Konstitusi RIS sendiri jika di telaah, sangat sulit untuk dikatakan sebagai konstitusi yang
menampung aspirasi hukum islam. Mukaddimah konstitusi ini misalnya, sama sekali tidak
menegaskan posisi hukum islam sebagaimana rancangan UUD 1945 yang disepakati oleh
BPUPKI. Demikian pula dengan batang tubuhnya, yang bahkan dipengaruhi oleh faham liberal
yang berkembang di Amerika dan Eropa Barat, serta rumusan Deklarasi HAM versi PBBNamun
saat negara bagian RIS pada awal tahun 1950 hanya tersisa tiga negara saja RI, negara sumatera
timur, dan negara indonesia timur, salah seorang tokoh umat islam, muhammad nasir,
mengajukan apa yang kemudian di kenal sebagai Mosi Integral Natsir sebagai upaya untuk
melebur ketiga negara bagian tersebut. Akhirnya pada tanggal 19 mei 1950 semuanya sepakat
membentuk kembali negara kesatuan republik Indonesia berdasarkan proklamasi 1945 Dan
dengan demikian konstitusi RIS dinyatakan tidak berlaku digantikan dengan UUD sementara
1950. Akan tetapi jika dikaitkan dengan hukum islam, perubahan ini tidaklah membawa dampak
yang signifikan. Sebab ketidakjelasan posisinya masih ditemukan, baik dalam Mukadimah
maupun batang tubuh UUD sementara 1950, kecuali pada pasal 34 yang rumusannya sama
dengan pasal 29 UUD 1945, bahwa negara berdasar ketuhanan yang maha esa dan jaminan
negara terhadap kebebasan setiap penduduk menjalankan agamanya masing-masing. Juga pada
pasal 43 yang menunjukkan keterlibatan negara
dalam urusan - urusan keagamaan. Kelebihan lain dari UUD sementara 1950 ini adalah
terbukanya peluang untuk merumuskan hukum islam dalam wujud peraturan dan undang
undang. Peluang ini ditemukan dalam ketentuan pasal 102 UUD sementara 1950. Peluang ini
pun sempat di manfaatkan oleh wakil-wakil umat islam saat mengajukan rancangan undang-
undang tentang perkawinan umat islam pada tahun 1954. Meskipun upaya ini kemudian gagal
akibat hadangan kaum nasionalis yang juga mengajukan rancangan undang-undang perkawinan
nasional. Dan setelah itu, semua tokoh politik kemudian nyaris tidak lagi memikirkan pembuatan
materi undang undangan baru, karena konsentrasi mereka tertuju pada bagaimana mengganti
UUDS sementara 1950 itu dengan undang-undang yang bersifat tetap.Perjuangan mengganti
UUD sementara itu kemudian diwujudkan dalam pemilihan umum untuk memilih dan
membentuk majelis konstituante pada akhir tahun 1955, Majelis yang terdiri dari 514 orang itu
kemudian di lantik oleh presiden soekarno pada 10 november 1956. Namun delapan bulan
sebelum batas akhir masa kerjanya, majlis ini dibubarkan melalui dekrit presiden yang
dikeluarkan pada tanggal 5 juli 1959. Hari penting terkait dengan hukum islam dalam peristiwa
dekrit ini adalah konsiderannya yang menyatakan bahwa piagam jakarta tertanggal 22 juni
menjiwai UUD 1945 dan merupakan suatu kesatuan dengan konstitusi tersebut. Hal ini tentu saja
mengangkat dan memperjelas posisi hukum islam dalam UUD. Akan tetapi dalam tataran
aplikasinya faktor politik penentu utama dalam hal ini.

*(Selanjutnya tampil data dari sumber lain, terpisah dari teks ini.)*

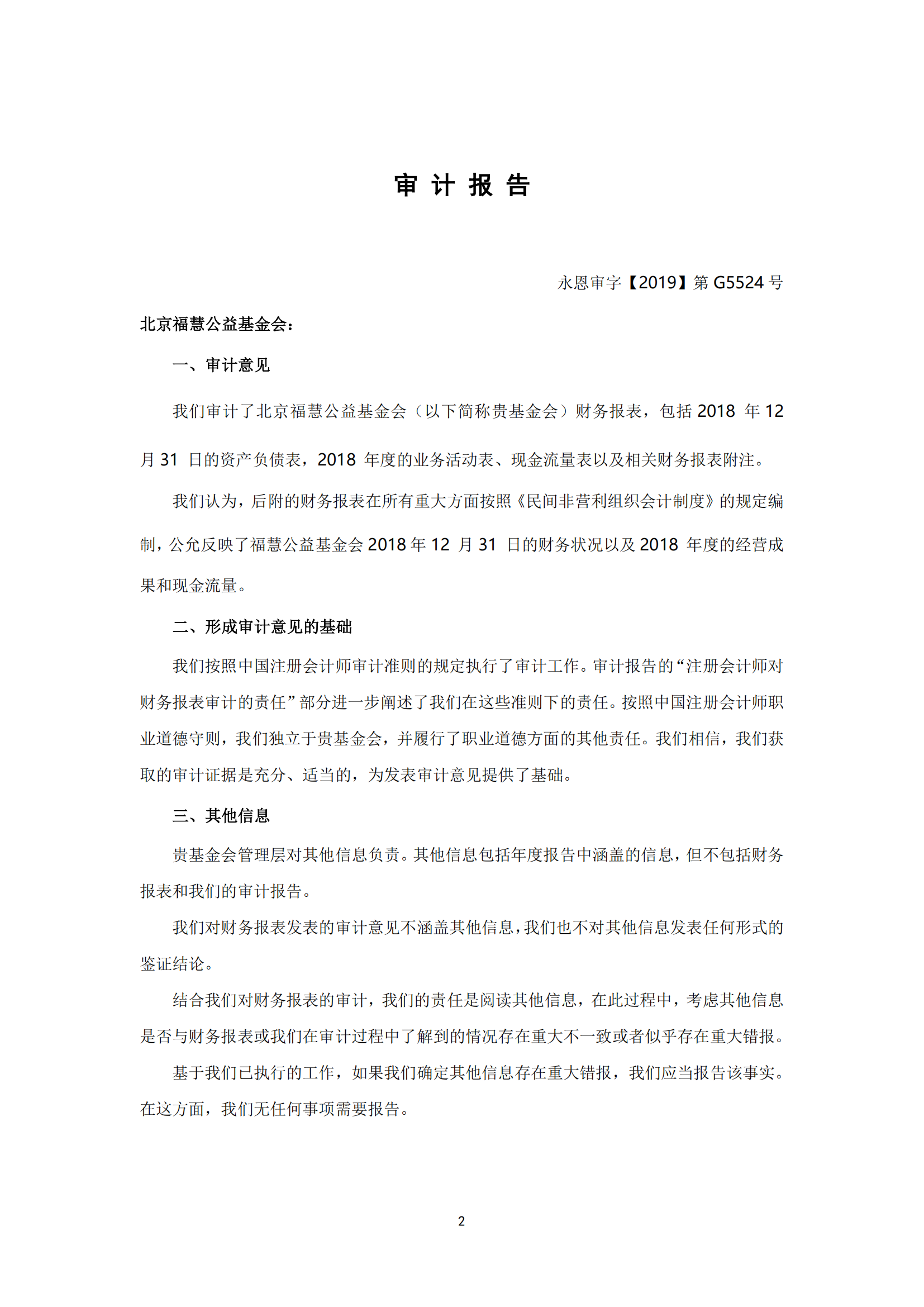 北京福慧公益基金会 2018年度财务审计报告-审计报告-北京福慧公益基金会

Hal lain yang patut di catat di sini adalah terjadinya beberapa pemberontakan yang di antaranya
bernuansakan islam dalam fase ini v paling fenomenal adalah gerakan DI/TII yang dipelopori
oleh Kartosuwiryo sesungguhnya telah memproklamirkan negar islamnya pada tanggal 14
agustus 1945, atau dua hari sebelum proklamasi kemerdekaan indonesia pada 17 agustus 1945.
Namun ia melepaskan aspirasinya untuk kemudian bergabung dengan republik indonesia. Tetapi
ketika kontrol RI terhadap wilayahnya semakin merosot akibat agresi belanda, terutama setelh
diproklamirkan berdirinya negara islam indonesia pada tahun 1948. Namun pemicu konflik yang
berakhir di tahun 1962 dan mencatat 25.000 korban tewas tersebut.